Alors je continuais d’encaisser les désapprobations avouées ou tues. Pourrait-il en être autrement alors que tous mes observateurs n’avaient jamais eu l’habitude de me voir sous mon « vrai » jour ?

Les semaines passant, la nouveauté s’est transformée en banalité : mon visage fatigué et blême n’avait pas plus aussi sale mine qu’à l’accoutumée. Tout cela avait perdu de son attrait. Je pouvais désormais employer mes précieuses 30 minutes quotidiennes (car oui, il faut se débarrasser de la supercherie le soir venu, c’est au moins autant de temps et de coton gâché) à de toute autre activité plus bienfaitrice que mon apparat social : dormir (oui oui ! quand je vous dis que j’étais au bout du rouleau), lire, faire du sport, cuisiner…
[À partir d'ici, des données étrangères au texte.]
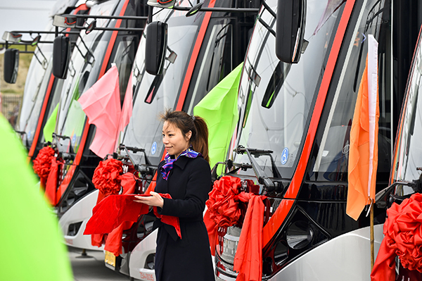 今天每一辆车的车头都挂着大红花,车厢里挂的中国结,显得非常喜庆,等待着第一批客人。

J’ai surtout compris ne plus avoir besoin de cela pour exister. Je me sentais enfin suffisamment légitime d’un point de vue professionnel (je l’étais peut-être avant cela mais que voulez-vous, le chemin est parfois bien long pour se rendre compte de certaines vérités ) pour ne pas avoir à me « grandir », à « m’encourager » et à afficher une certaine forme de maturité. Me faire belle pour y croire, me hisser à travers des talons afin de me sentir à la hauteur, me donnait l’impression d’enfiler des gants de boxes avant de monter sur le ring, chaque matin pour un nouveau combat. J’étais prête à répondre à toutes celles et ceux qui ont les certitudes, celles et ceux qui impressionnent ! Parce que l’on joue toutes et tous ce jeu hypocrite : la beauté à l’embauche, en entreprise, au quotidien ouvre davantage les portes. C'est un sujet encore tabou et pourtant tout le monde le sait, et beaucoup l’applique plus ou moins consciemment. Alors comment faire : jouer le jeu de dupe pour se favoriser ou être rebelle sans se laisser démonter ?
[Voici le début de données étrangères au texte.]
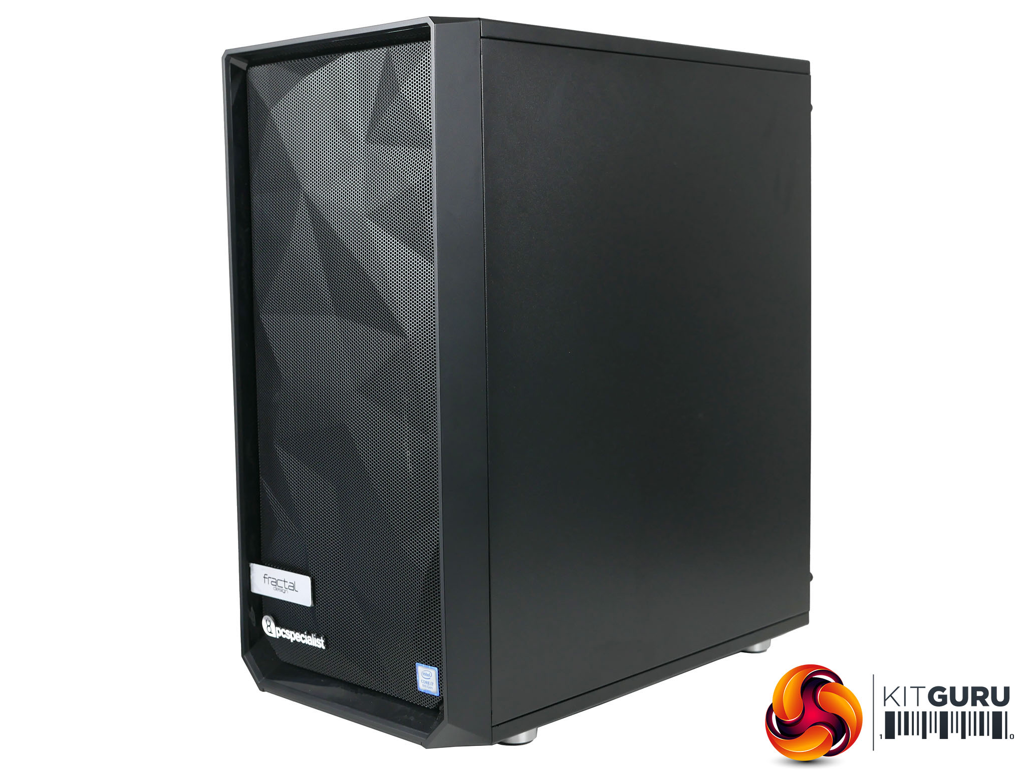 PC Specialist has opted for the Fractal Design Meshify C and its signature is an angular mesh on the front that allows for three big fans to pull in air. It’s functional but isn’t the most attractive, particularly once a PC has bright lights in it, as it does here. The lighting shines through the grill on the front, making a show of the lattice support structure, fans and brackets behind.

En définitive, le vrai besoin derrière tout cela était peut-être d’avoir suffisamment confiance en moi, en ma capacité à plaire et donc à être acceptée (mais pas telle que j'étais), afin de me sentir à l’aise en toutes circonstances. Par analogie, me sentir destituée de beauté et de pouvoir si je n’étais pas suffisamment attirante (au naturel). Et on ne tardait pas à me le rappeler justement avec ces histoires de bonne ou de mauvaise mine. C’est désormais terminé : je me sens bien dans les deux cas. Avec ou sans maquillage, belle quand même et surtout, belle pour moi. Belle au naturel, sans ornement superflu et belle avec mes décorations : bijoux, maquillage et vêtements choisis avec soin.

Mon maquillage est redevenu festif, rare et par conséquent plus précieux. Je l’utilise lorsque je le décide, non pas parce qu’il est mieux vu d'en porter ou parce que je suis en société. Me maquiller est devenu un plaisir que je choisis, même parfois seule chez moi. Je ne lui ai pas dit adieu, au contraire. Ma « sale tête fatiguée » vogue au grand jour désormais ; elle est juste une tête, parfois fatiguée, parfois pas du tout ! Parfois souriante, parfois triste, pour plus d’authenticité. Un horrible bouton pointe ? Tant pis, c’est la vie.